**Work to complete**
In the material below, find the span from the line with "двери торгового объекта." to the line with "El modelo FORMIGAL" and transcribe only those lines, exactly, ends included, without the pictures.

┏━━

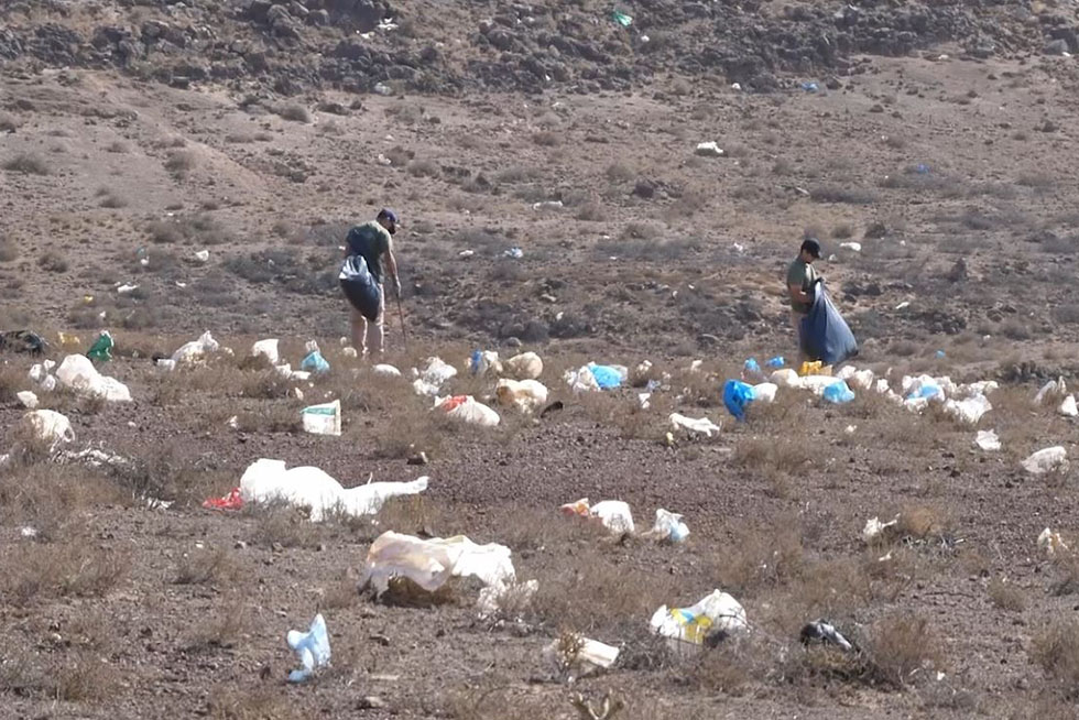 Arranca la limpieza de plásticos de la ladera de Zonzamas
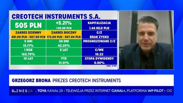 JACEK CHOLEWIŃSKI, BIZNES24: Obiecałem Państwu rozmowę z Grzegorzem Broną, prezesem Creotech Instruments. A zatem, Panie prezesie, witamy.
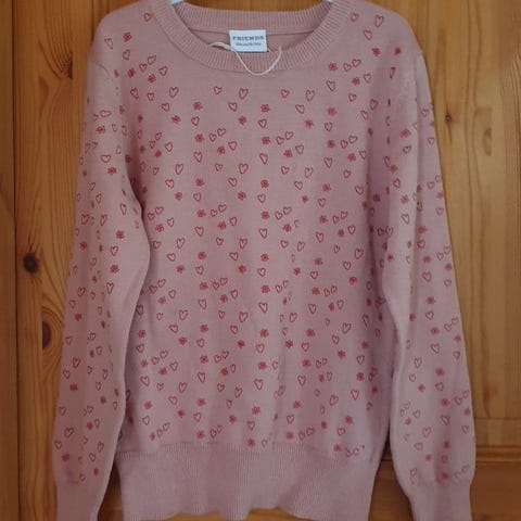 Super sød strik med hjerter i str. 80 fra H&M. Kommer fra røg- og dyrefrit hjem.
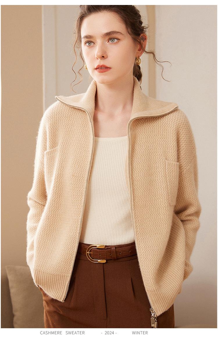 Cárdigan de punto de cachemira grueso para mujer, chaqueta holgada de manga larga, suéter grueso con solapa que combina con todo, de moda, otoño e invierno, nuevo
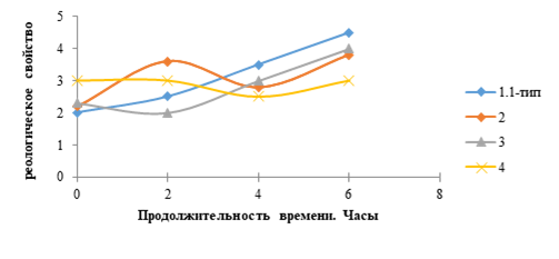 Результаты исследования. На рисунке 1 ниже видна зависимость реологических свойств глинистых порошков от продолжительности времени в процессе модификации.
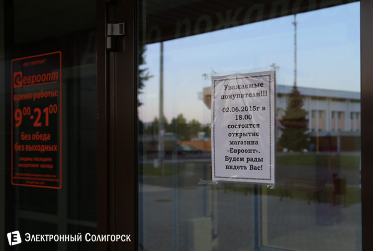 Открытие магазина "Евроопт" на улице Железнодорожной в Солигорске запланировано на 2 июня, как стало известно "Электронному Солигорску". Об этом же гласит и объявление на двери торгового объекта.
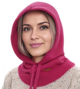 Kominiarka damska, kaptur zimowy, merino 17%, Beliza, ciemny róż, 55-62 cm
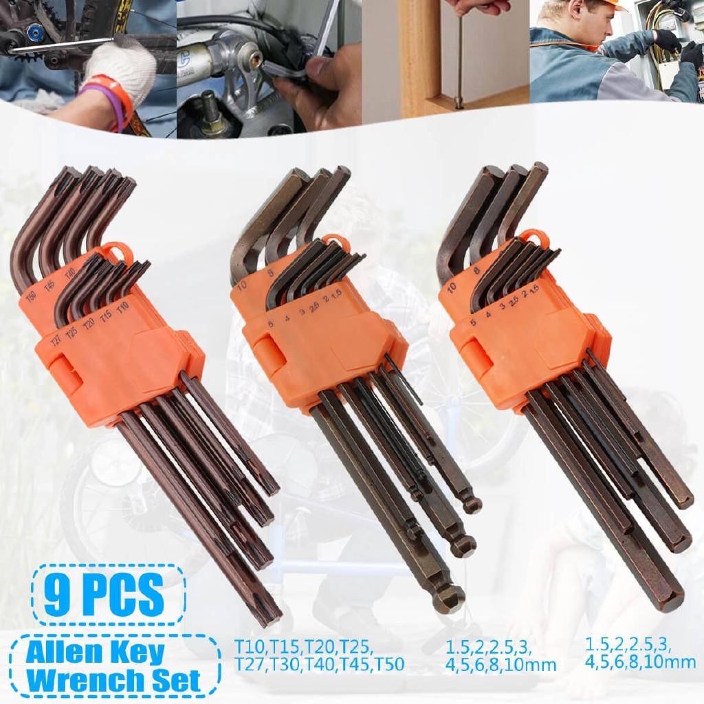 Use Hex Key Allen Tools Wrench Set Extra-long Arm AllenTorque Sae Memtric Torx Spanner Widely 9Pcs
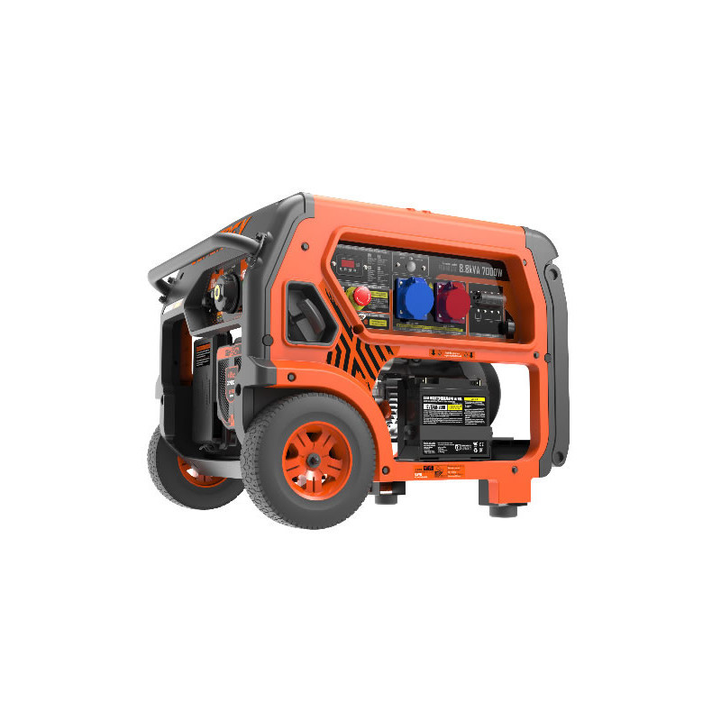 El modelo FORMIGAL es un generador potente que ofrece una capacidad de salida de 7000W a 400V y 6500W a 230V, funcionando con gasolina y con arranque eléctrico trifásico. Destaca por su diseño moderno y atractivo, con un carenado externo resistente de plástico sobre un sólido bastidor interno metálico que brinda una protección completa de 360º al conjunto motor-alternador.
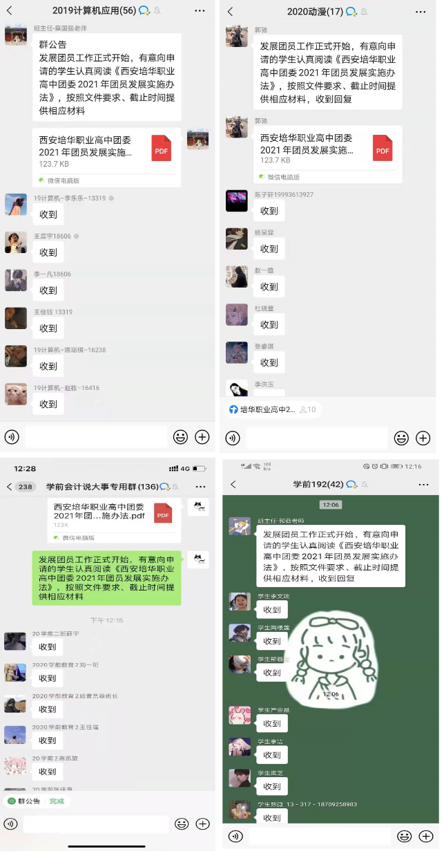 我校组织班主任对文件进行认真研讨和学习,确保老师对团员发展工作各项内容都了解熟悉,并通过班级微信群的方式将发展团员文件发至所有学生,保证入团工作的相关内容和发展办法传达到每位同学。

┗━━

**Result of this task**
 Открытие магазина "Евроопт" на улице Железнодорожной в Солигорске запланировано на 2 июня, как стало известно "Электронному Солигорску". Об этом же гласит и объявление на двери торгового объекта.
 Kominiarka damska, kaptur zimowy, merino 17%, Beliza, ciemny róż, 55-62 cm
 Use Hex Key Allen Tools Wrench Set Extra-long Arm AllenTorque Sae Memtric Torx Spanner Widely 9Pcs
 El modelo FORMIGAL es un generador potente que ofrece una capacidad de salida de 7000W a 400V y 6500W a 230V, funcionando con gasolina y con arranque eléctrico trifásico. Destaca por su diseño moderno y atractivo, con un carenado externo resistente de plástico sobre un sólido bastidor interno metálico que brinda una protección completa de 360º al conjunto motor-alternador.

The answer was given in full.